-- RECORDS TO USE --
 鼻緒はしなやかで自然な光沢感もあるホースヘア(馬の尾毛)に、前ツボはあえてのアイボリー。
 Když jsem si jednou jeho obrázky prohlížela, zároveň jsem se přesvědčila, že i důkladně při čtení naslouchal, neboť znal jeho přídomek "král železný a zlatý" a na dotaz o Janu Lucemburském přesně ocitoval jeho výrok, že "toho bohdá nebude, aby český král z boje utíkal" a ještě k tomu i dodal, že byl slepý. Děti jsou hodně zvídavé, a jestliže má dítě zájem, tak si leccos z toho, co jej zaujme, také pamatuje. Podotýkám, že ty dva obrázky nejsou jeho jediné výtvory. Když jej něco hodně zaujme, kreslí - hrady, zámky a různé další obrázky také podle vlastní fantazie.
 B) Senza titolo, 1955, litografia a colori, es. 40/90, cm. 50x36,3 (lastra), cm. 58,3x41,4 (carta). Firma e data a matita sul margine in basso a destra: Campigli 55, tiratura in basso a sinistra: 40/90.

---

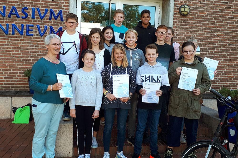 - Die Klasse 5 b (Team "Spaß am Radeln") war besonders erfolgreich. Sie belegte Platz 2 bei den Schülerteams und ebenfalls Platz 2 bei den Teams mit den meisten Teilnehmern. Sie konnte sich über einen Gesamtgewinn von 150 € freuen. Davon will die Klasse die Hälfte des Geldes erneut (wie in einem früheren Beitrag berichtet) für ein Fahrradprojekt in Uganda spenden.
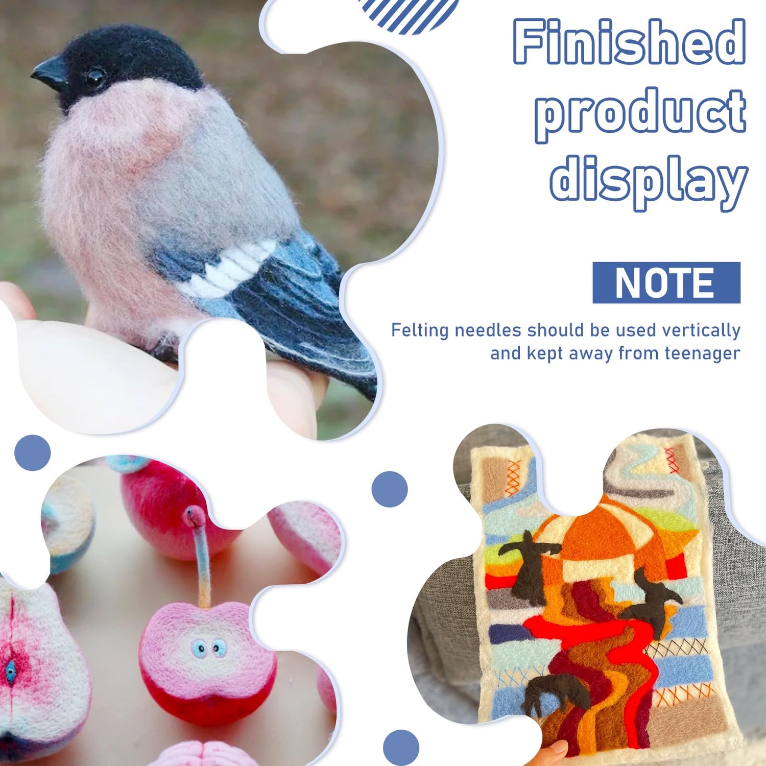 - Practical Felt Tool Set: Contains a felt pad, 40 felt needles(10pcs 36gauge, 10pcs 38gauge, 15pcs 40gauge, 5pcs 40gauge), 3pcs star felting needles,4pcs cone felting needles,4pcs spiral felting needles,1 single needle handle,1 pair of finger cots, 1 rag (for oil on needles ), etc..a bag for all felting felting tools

==

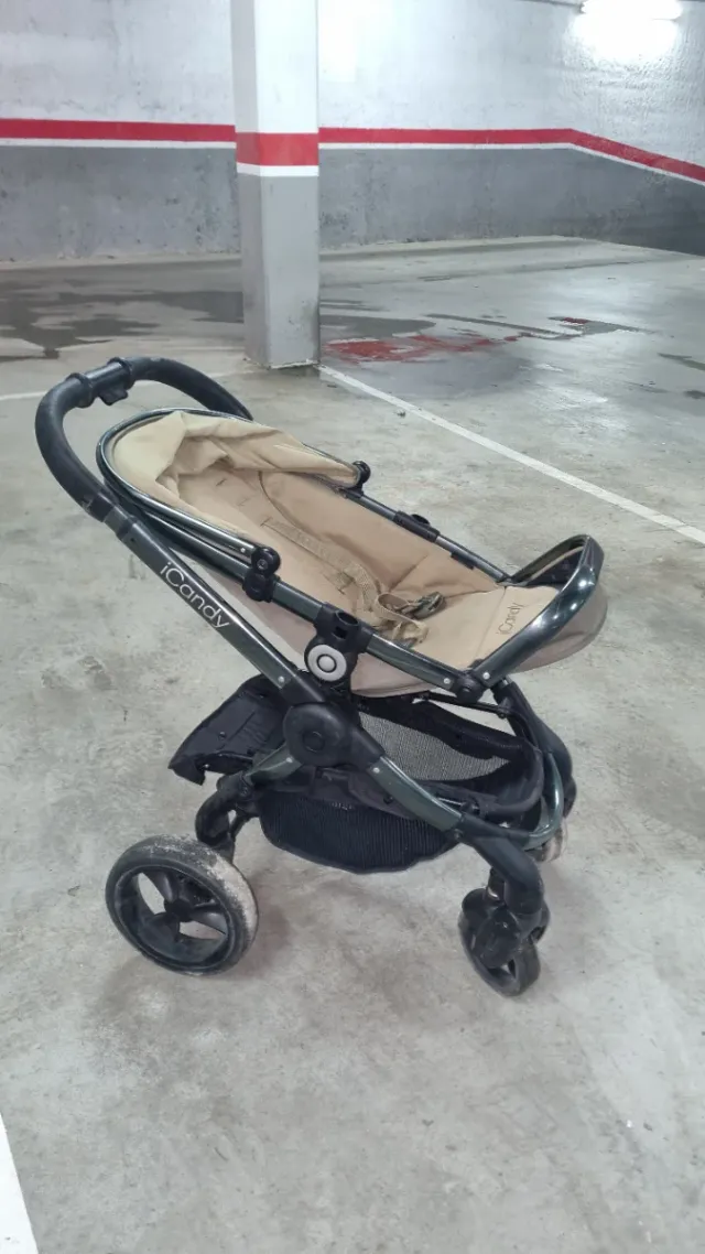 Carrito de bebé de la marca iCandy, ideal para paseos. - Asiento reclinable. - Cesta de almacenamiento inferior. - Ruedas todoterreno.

-- EXERCISE --
Look above for the line with "Když jsem si" and the line with "B) Senza titolo, 1955, litografia". Write out those two lines and all the lines between them, exactly, and no others.

-- ANSWER BOX --
 Když jsem si jednou jeho obrázky prohlížela, zároveň jsem se přesvědčila, že i důkladně při čtení naslouchal, neboť znal jeho přídomek "král železný a zlatý" a na dotaz o Janu Lucemburském přesně ocitoval jeho výrok, že "toho bohdá nebude, aby český král z boje utíkal" a ještě k tomu i dodal, že byl slepý. Děti jsou hodně zvídavé, a jestliže má dítě zájem, tak si leccos z toho, co jej zaujme, také pamatuje. Podotýkám, že ty dva obrázky nejsou jeho jediné výtvory. Když jej něco hodně zaujme, kreslí - hrady, zámky a různé další obrázky také podle vlastní fantazie.
 B) Senza titolo, 1955, litografia a colori, es. 40/90, cm. 50x36,3 (lastra), cm. 58,3x41,4 (carta). Firma e data a matita sul margine in basso a destra: Campigli 55, tiratura in basso a sinistra: 40/90.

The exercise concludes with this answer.